Similarly, we can also load Coauthor dataset,

from deeprobust.graph.data import CoauthorPyg
cs = CoauthorPyg(root='/tmp', name='cs')
print(cs)
print(cs[0])
physics = CoauthorPyg(root='/tmp', name='physics')
print(physics)
print(physics[0])

Working on PyTorch Geometric Models

In this subsection, we provide examples for using GNNs based on PyTorch Geometric. Spefically, we use GAT deeprobust.graph.defense.GAT and ChebNet deeprobust.graph.defense.ChebNet to further illustrate (while deeprobust.graph.defense.SGC is also available in this library). Basically, we can first convert the DeepRobust data to PyTorch Geometric data and then train Pyg models.

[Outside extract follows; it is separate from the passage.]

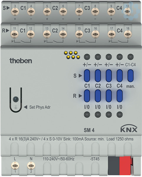KNX Schalt-/Dimmaktor 4-fach, zur Ansteuerung von elektrischen Verbrauchern mit 0-10 V oder 1-10 V Schnittstelle, Reiheneinbaugehäuse, Breite 4 TE, flexible Verwendung der Steuer- und Relaisausgänge?, Steuerausgänge für aktive (0-10 V, Source) als auch passive Steuerung (1-10 V, Sink), sowie Mischbetrieb geeignet?, Unterstützung von Farb- und Farbtemperatursteuerung?, Einfache Inbetriebnahme und Programmierung in der ETS, ohne Zusatz-Tools oder ETS-App?, Sichere Inbetriebnahme und Kommunikation durch Unterstützung von KNX Data Secure, Einschaltstrom max. 800 A, für das zuverlässige Schalten kapazitiver Lasten (ECG und LED-Treiber)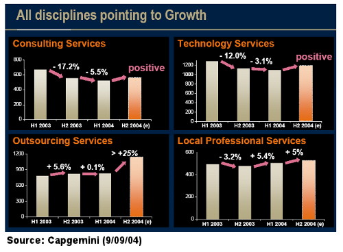 So it is in the SMB space that the key to future growth lies not just for Capgemini, but for the rest of its major competitors, too. Some of them are still busy trying to squeeze blood out of a stone - i.e., grow rapidly in a shrinking high-end marketplace. Others are cutting their noses off to spite themselves, such as EDS, whose CEO has just announced that he would cut another 15,000 to 20,000 jobs from its payroll (click here to read more about it). Besides, about €132 million of the charges that Capgemini incurred in the second quarter that led to its unexpected loss are related to "house cleaning" - getting rid of unprofitable contracts. You'd think the stock market would applaud that!? To the extent that that's it now, and that there won't be any more similar surprises in the future, such "house cleaning" actually also bodes well for the quality of Capgemini's revenues and earnings in the future. If in doubt, just check back with EDS for an example of how much worse things can get (e.g., with its Navy contract) if you do not clean house quickly and regularly. Finally, all four of Capgemini's business segments have now bottomed out and are poised for growth, according to a chart from its presentation to analysts (see above). And that's something that hasn't occurred in years (that the company is firing on all cylinders). For a real world example of what happens when that happens, check out Accenture: Revving Up a Notch (June 2004) and Accenture: Burning the Track (Mar 2004). In short, we would not be selling Capgemini short, both literally and figuratively. Maybe some others are realizing that, too. Capgemini's stock bounced back almost three points today (9/10/04) to close at €20.07. Happy bargain hunting! Bob Djurdjevic

from deeprobust.graph.data import Dataset, Dpr2Pyg, PrePtbDataset
from deeprobust.graph.defense import GAT
data = Dataset(root='/tmp/', name='cora', seed=15)
adj, features, labels = data.adj, data.features, data.labels
idx_train, idx_val, idx_test = data.idx_train, data.idx_val, data.idx_test
gat = GAT(nfeat=features.shape[1],
          nhid=8, heads=8,
          nclass=labels.max().item() + 1,
          dropout=0.5, device='cpu')
gat = gat.to('cpu')
pyg_data = Dpr2Pyg(data) # convert deeprobust dataset to pyg dataset
gat.fit(pyg_data, patience=100, verbose=True) # train with earlystopping
gat.test() # test performance on clean graph

# load perturbed graph
perturbed_data = PrePtbDataset(root='/tmp/',
        name='cora',
        attack_method='meta',
        ptb_rate=0.05)
perturbed_adj = perturbed_data.adj
pyg_data.update_edge_index(perturbed_adj) # inplace operation
gat.fit(pyg_data, patience=100, verbose=True) # train with earlystopping
gat.test() # test performance on perturbed graph
from deeprobust.graph.data import Dataset, Dpr2Pyg
from deeprobust.graph.defense import ChebNet
data = Dataset(root='/tmp/', name='cora')
adj, features, labels = data.adj, data.features, data.labels
idx_train, idx_val, idx_test = data.idx_train, data.idx_val, data.idx_test
cheby = ChebNet(nfeat=features.shape[1],
          nhid=16, num_hops=3,
          nclass=labels.max().item() + 1,
          dropout=0.5, device='cpu')
cheby = cheby.to('cpu')
pyg_data = Dpr2Pyg(data) # convert deeprobust dataset to pyg dataset
cheby.fit(pyg_data, patience=10, verbose=True) # train with earlystopping
cheby.test()

More Details

More details can be found in test_gat.py, test_chebnet.py and test_sgc.py.